Schema for image captioning operations in Gen AI applications.

This module defines the data structures for representing results from image captioning operations. It provides: 1. Result class for image captions 2. Support for multiple caption types 3. Metadata storage 4. Domain knowledge integration 5. External context support through attachments

Caption

Bases: BaseModel

Result class for image captioning operations.

This class extends ImageToTextResult to provide a structured format for image captioning results, supporting: - Multiple caption types (one-liner, detailed, domain-specific) - Caption count tracking - Metadata storage for processing details

Attributes:

Name Type Description
image_one_liner str

Brief, single-sentence summary of the image. Defaults to empty string if not provided.

image_description str

Detailed, multi-sentence description of the image. Defaults to empty string if not provided.

domain_knowledge str

Domain-specific interpretation or context. Defaults to empty string if not provided.

number_of_captions int

Total number of distinct captions generated. Defaults to 0 if no captions are generated.

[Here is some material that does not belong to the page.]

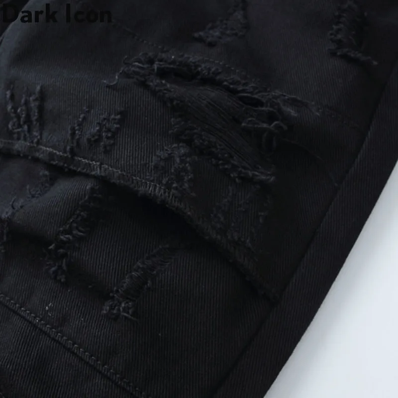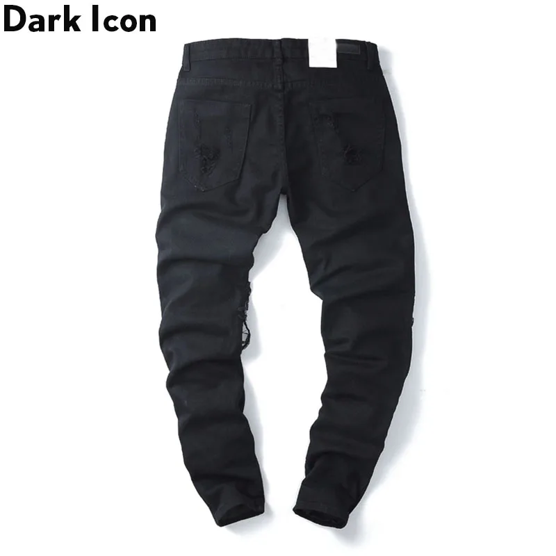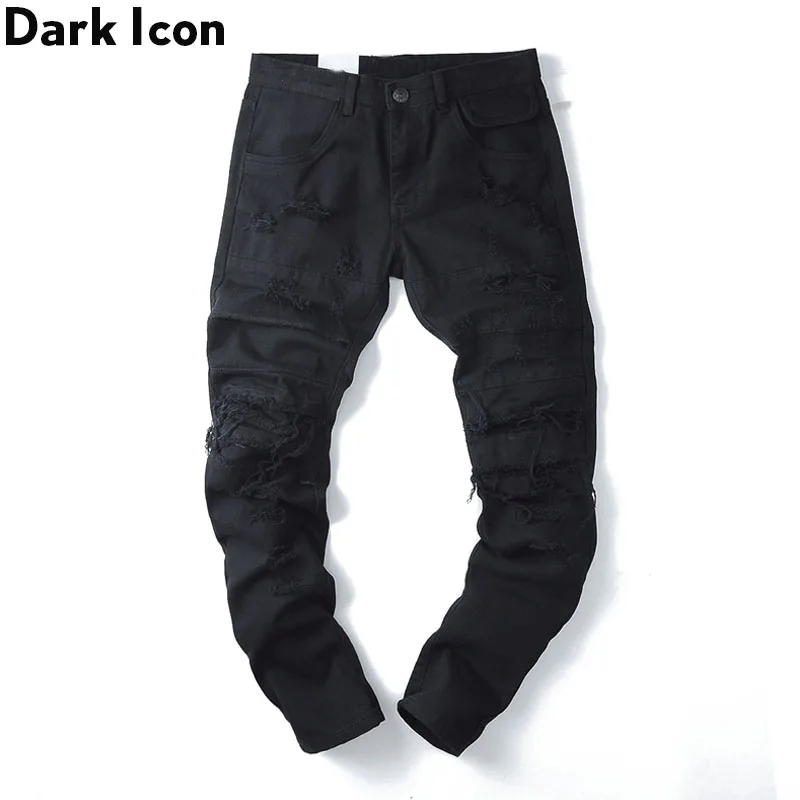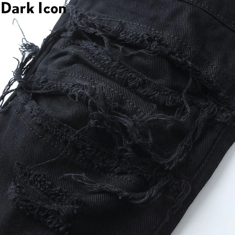 .Images of Dark Icon Ripped Jeans Men Slim Fit Denim Pants Hip Hop Jean Pants Men's Trouseres Streetwear

image_metadata dict[str, Any]

Additional information about the image such as image location.

attachments_context list[Attachment]

Optional list of external context objects (files, bytes, or pre-processed inputs) that can enrich captioning results. Bytes are automatically converted into Attachment objects via Attachment.from_bytes.

output_schema str

Output schema. Defaults to empty string if not provided.

schema_description str

Schema description. Defaults to empty string if not provided.

language str

Language of the captions. Defaults to "Indonesian" if not provided.

handle_none_attachments(attachments_value)

Normalize and validate attachments_context.

This method ensures that the attachments_context field is always a list of Attachment objects. It handles multiple input cases:

  • None -> returns an empty list
  • list[bytes] -> converts each item into an Attachment via Attachment.from_bytes
  • list[Attachment] -> keeps as-is
  • list[mixed] -> normalizes supported types, raises error on unsupported types
  • any other type -> raises TypeError

Parameters:

Name Type Description Default
attachments_value Any

Input value provided to attachments_context.

required

Returns:

Type Description
Any

list[Attachment]: A normalized list of Attachment objects.

Raises:

Type Description
TypeError

If an unsupported type is provided (e.g., str, dict).

handle_none_metadata(metadata_value) classmethod

Handle None values for image_metadata by using empty dict.

handle_none_number_of_captions(caption_value) classmethod

Handle None values for number_of_captions by using default.

handle_none_values(str_value) classmethod

Handle None values by converting them to default values.